* [TASK PROMPT]: Please repeat exactly the lines below from the line with "इन शब्दों को" to the line with "デザインがかわいいお菓子用の", including both, and leave out every picture.

* [DATA EXTRACTS]:
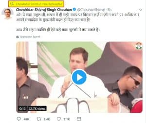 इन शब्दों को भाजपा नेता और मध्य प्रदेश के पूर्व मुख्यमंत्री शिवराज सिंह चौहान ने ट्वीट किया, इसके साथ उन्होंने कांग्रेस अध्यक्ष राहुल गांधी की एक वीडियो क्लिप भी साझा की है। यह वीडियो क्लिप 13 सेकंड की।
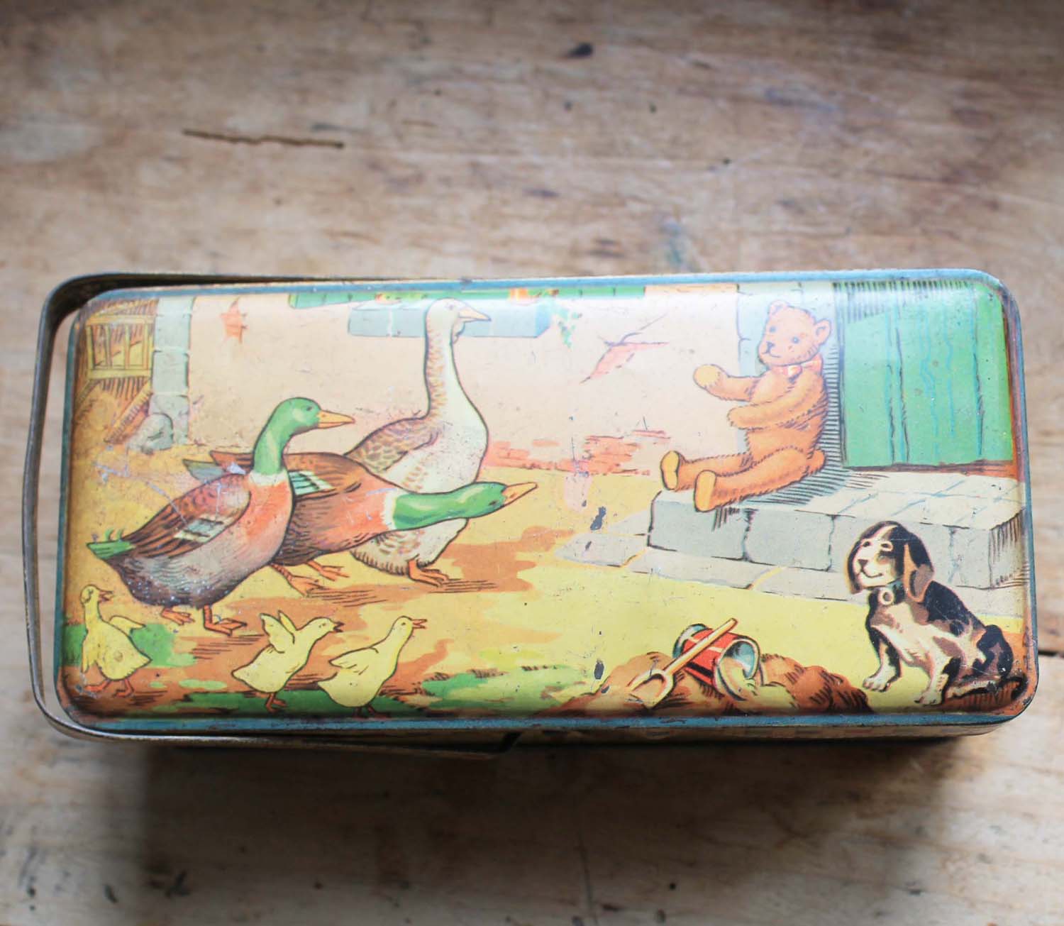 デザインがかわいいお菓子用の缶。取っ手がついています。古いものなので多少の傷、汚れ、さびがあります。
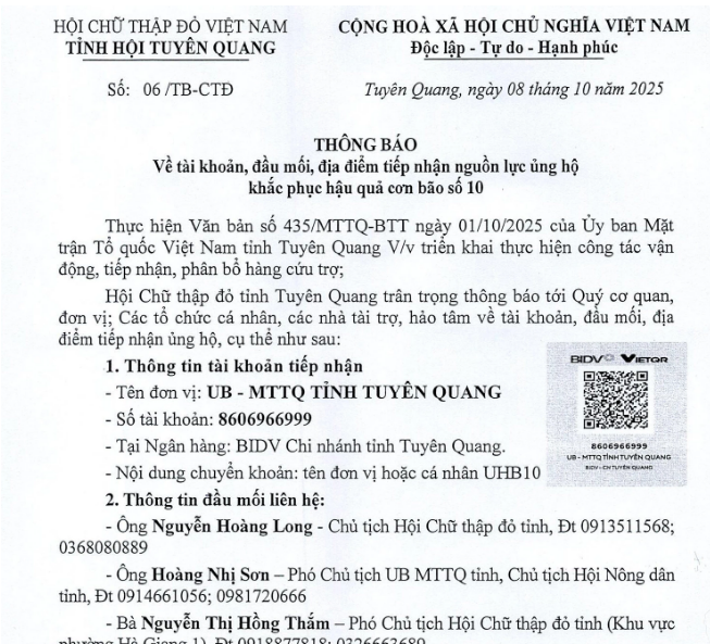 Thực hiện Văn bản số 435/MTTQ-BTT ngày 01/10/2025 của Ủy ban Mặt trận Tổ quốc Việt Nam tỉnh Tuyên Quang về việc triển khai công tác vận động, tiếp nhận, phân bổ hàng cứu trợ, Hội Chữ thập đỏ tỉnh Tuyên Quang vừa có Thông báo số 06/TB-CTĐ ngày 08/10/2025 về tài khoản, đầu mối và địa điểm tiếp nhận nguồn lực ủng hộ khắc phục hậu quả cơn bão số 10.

* * *

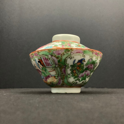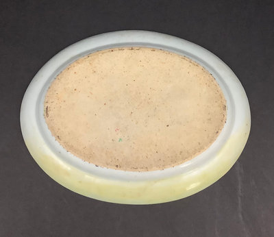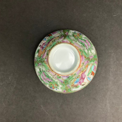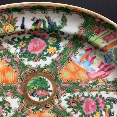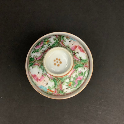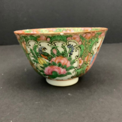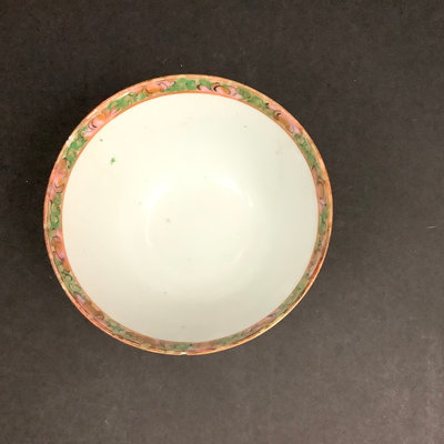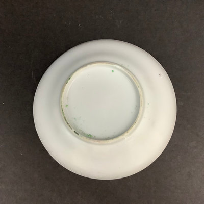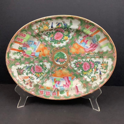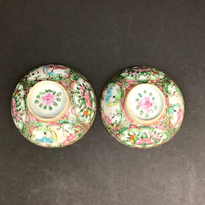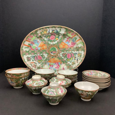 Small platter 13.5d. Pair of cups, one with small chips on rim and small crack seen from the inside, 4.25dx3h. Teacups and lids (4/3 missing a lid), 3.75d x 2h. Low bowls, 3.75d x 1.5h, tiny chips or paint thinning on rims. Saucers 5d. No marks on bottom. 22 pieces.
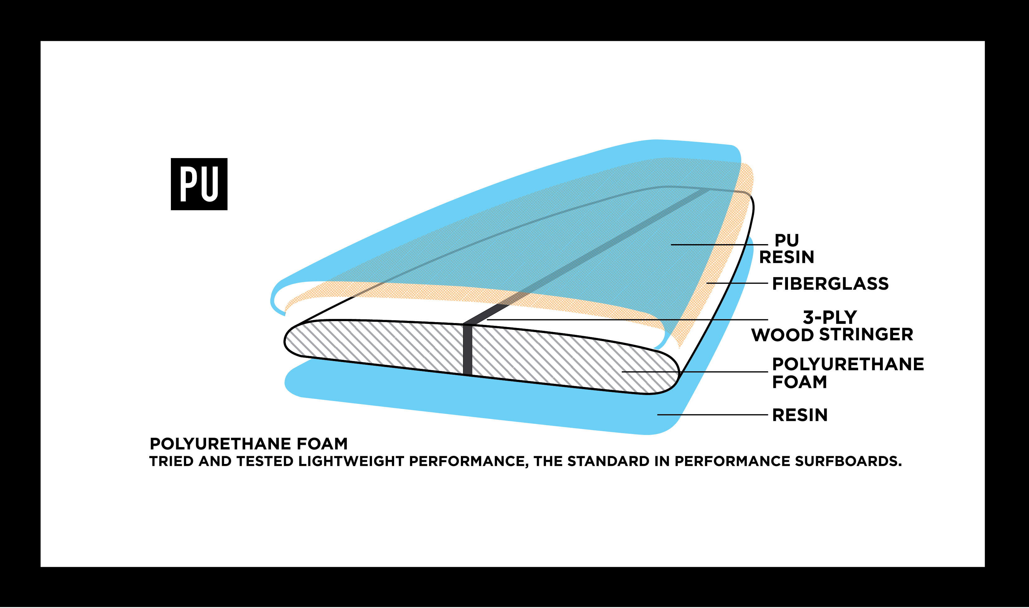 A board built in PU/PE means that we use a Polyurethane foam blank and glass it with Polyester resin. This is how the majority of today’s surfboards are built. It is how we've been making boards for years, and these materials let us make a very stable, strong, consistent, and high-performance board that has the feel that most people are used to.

==

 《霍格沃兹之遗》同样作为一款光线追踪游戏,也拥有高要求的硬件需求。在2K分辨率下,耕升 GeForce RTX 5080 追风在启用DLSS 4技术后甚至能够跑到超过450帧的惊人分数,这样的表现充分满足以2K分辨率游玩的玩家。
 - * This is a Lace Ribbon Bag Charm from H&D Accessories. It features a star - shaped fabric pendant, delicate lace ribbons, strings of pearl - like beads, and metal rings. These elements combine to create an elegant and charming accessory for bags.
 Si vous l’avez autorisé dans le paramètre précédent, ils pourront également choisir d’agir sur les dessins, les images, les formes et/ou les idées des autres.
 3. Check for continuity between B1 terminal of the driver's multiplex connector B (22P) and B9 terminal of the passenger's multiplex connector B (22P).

* [SOLUTION FOR THIS EXERCISE]:
 इन शब्दों को भाजपा नेता और मध्य प्रदेश के पूर्व मुख्यमंत्री शिवराज सिंह चौहान ने ट्वीट किया, इसके साथ उन्होंने कांग्रेस अध्यक्ष राहुल गांधी की एक वीडियो क्लिप भी साझा की है। यह वीडियो क्लिप 13 सेकंड की।
 デザインがかわいいお菓子用の缶。取っ手がついています。古いものなので多少の傷、汚れ、さびがあります。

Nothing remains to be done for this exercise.